> **WHAT TO WORK ON**:
Could you output the listing that follows exactly, without its images?

> **DATA SHOWN**:
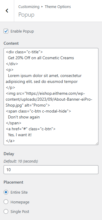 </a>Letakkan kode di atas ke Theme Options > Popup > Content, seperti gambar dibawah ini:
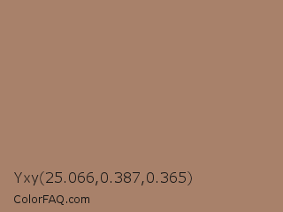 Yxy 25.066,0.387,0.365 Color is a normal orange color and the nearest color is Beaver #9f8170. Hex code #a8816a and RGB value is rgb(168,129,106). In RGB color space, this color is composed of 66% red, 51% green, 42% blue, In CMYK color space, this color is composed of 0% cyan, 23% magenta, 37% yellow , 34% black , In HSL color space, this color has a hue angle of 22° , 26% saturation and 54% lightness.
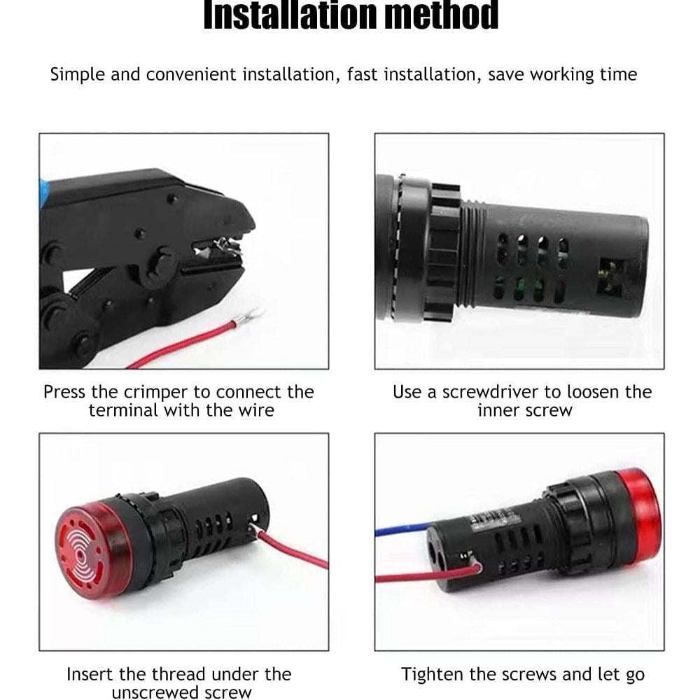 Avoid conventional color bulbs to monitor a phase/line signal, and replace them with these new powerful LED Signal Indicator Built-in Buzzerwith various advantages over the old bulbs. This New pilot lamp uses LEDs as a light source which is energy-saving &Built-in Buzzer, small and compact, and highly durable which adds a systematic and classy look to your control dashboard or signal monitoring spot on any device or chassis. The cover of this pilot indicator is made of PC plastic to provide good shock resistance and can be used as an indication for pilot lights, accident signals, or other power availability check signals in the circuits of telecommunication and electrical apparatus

> **PROBLEM SOLUTION**:
 </a>Letakkan kode di atas ke Theme Options > Popup > Content, seperti gambar dibawah ini:
 Yxy 25.066,0.387,0.365 Color is a normal orange color and the nearest color is Beaver #9f8170. Hex code #a8816a and RGB value is rgb(168,129,106). In RGB color space, this color is composed of 66% red, 51% green, 42% blue, In CMYK color space, this color is composed of 0% cyan, 23% magenta, 37% yellow , 34% black , In HSL color space, this color has a hue angle of 22° , 26% saturation and 54% lightness.
 Avoid conventional color bulbs to monitor a phase/line signal, and replace them with these new powerful LED Signal Indicator Built-in Buzzerwith various advantages over the old bulbs. This New pilot lamp uses LEDs as a light source which is energy-saving &Built-in Buzzer, small and compact, and highly durable which adds a systematic and classy look to your control dashboard or signal monitoring spot on any device or chassis. The cover of this pilot indicator is made of PC plastic to provide good shock resistance and can be used as an indication for pilot lights, accident signals, or other power availability check signals in the circuits of telecommunication and electrical apparatus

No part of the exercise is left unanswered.